Please reproduce all of the data below exactly, leaving each picture out.

(SUPPLIED INFORMATION)

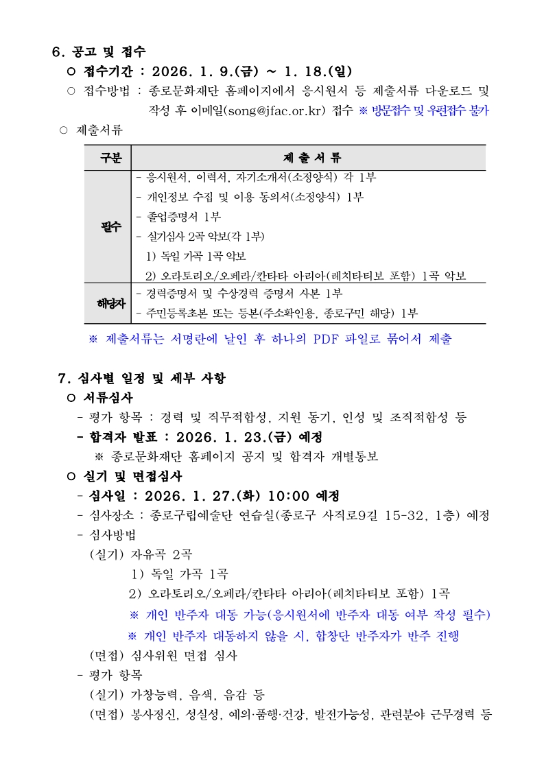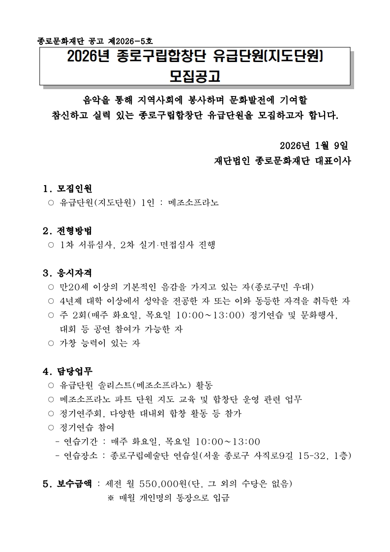 2026년 종로구립합창단 유급단원(지도단원) 모집
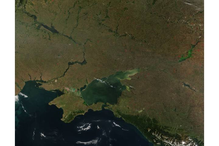 Ukraine and southwest Russia region: Eu sat: Terra projection: Plate Carree projection center lon: +37.0000 projection center lat: +47.0000 image center lon: +37 image center lat: +47 UL lon: +30.0065 UL lat: +50.8217 UR lon: +43.9967 UR lat: +50.8217 LR lon: +43.9967 LR lat: +43.1775 LL lon: +30.0065 LL lat: +43.1775 UL easting (km): -549.8750 UL northing (km): +5651.1250 x scale factor: +0.7071067811865476 ellipsoid: WGS84 Contact: Jeff Schmaltz L2 granules: T042630830 T042630835
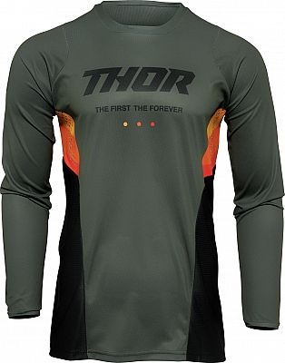 Thor Pulse React jersey. Features Laser cut ventilation for optimized cooling Dimple mesh paneling Durable polyester main fabric 4-way stretch cuff & collar Performance fit Hybrid set-in sleeve Performance construction Moisture wicking materials
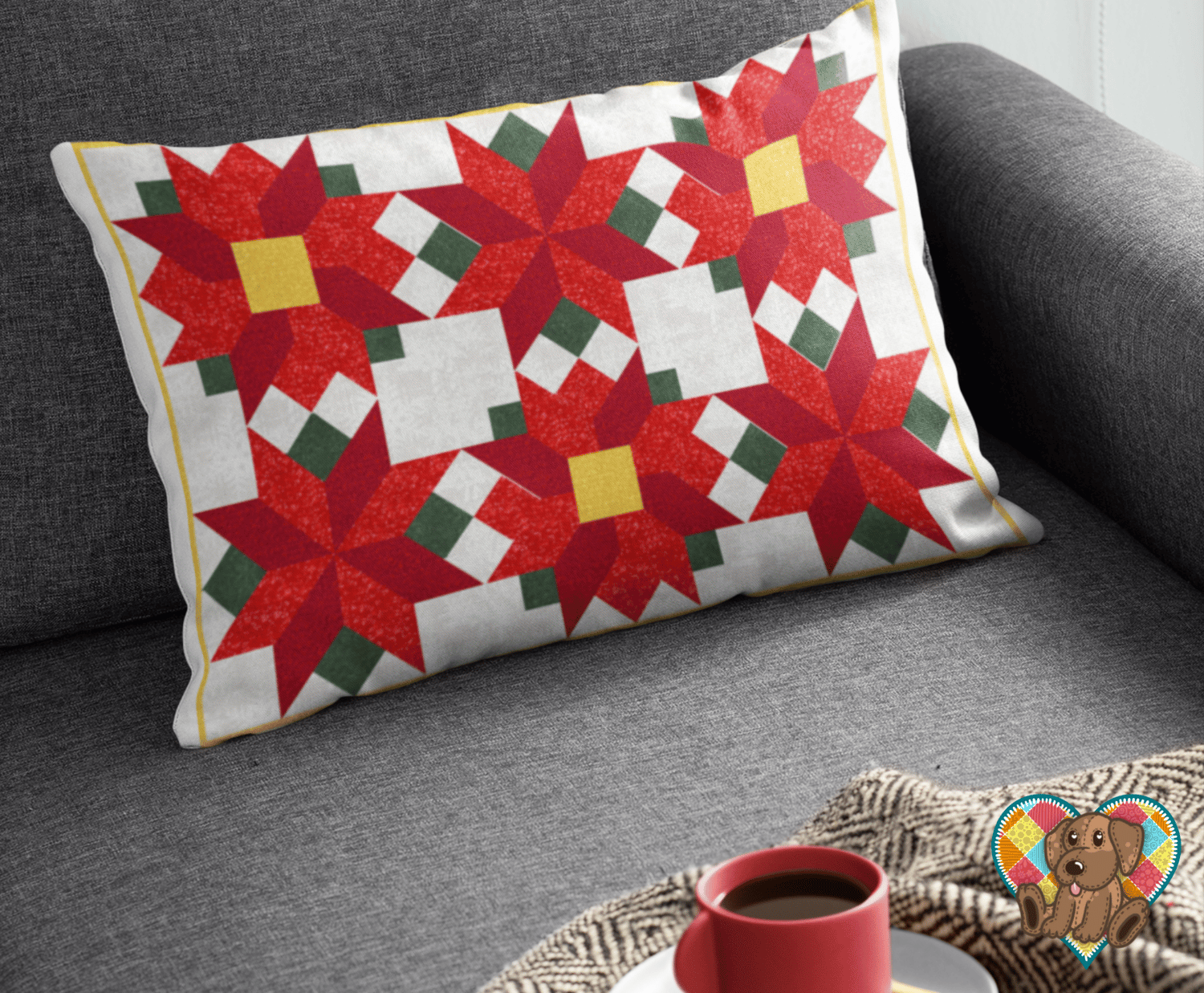 Poinsettia Pillow Sham Quilt Front Pattern

(End SUPPLIED INFORMATION)

## WRITTEN SOLUTION
 2026년 종로구립합창단 유급단원(지도단원) 모집
 Ukraine and southwest Russia region: Eu sat: Terra projection: Plate Carree projection center lon: +37.0000 projection center lat: +47.0000 image center lon: +37 image center lat: +47 UL lon: +30.0065 UL lat: +50.8217 UR lon: +43.9967 UR lat: +50.8217 LR lon: +43.9967 LR lat: +43.1775 LL lon: +30.0065 LL lat: +43.1775 UL easting (km): -549.8750 UL northing (km): +5651.1250 x scale factor: +0.7071067811865476 ellipsoid: WGS84 Contact: Jeff Schmaltz L2 granules: T042630830 T042630835
 Thor Pulse React jersey. Features Laser cut ventilation for optimized cooling Dimple mesh paneling Durable polyester main fabric 4-way stretch cuff & collar Performance fit Hybrid set-in sleeve Performance construction Moisture wicking materials
 Poinsettia Pillow Sham Quilt Front Pattern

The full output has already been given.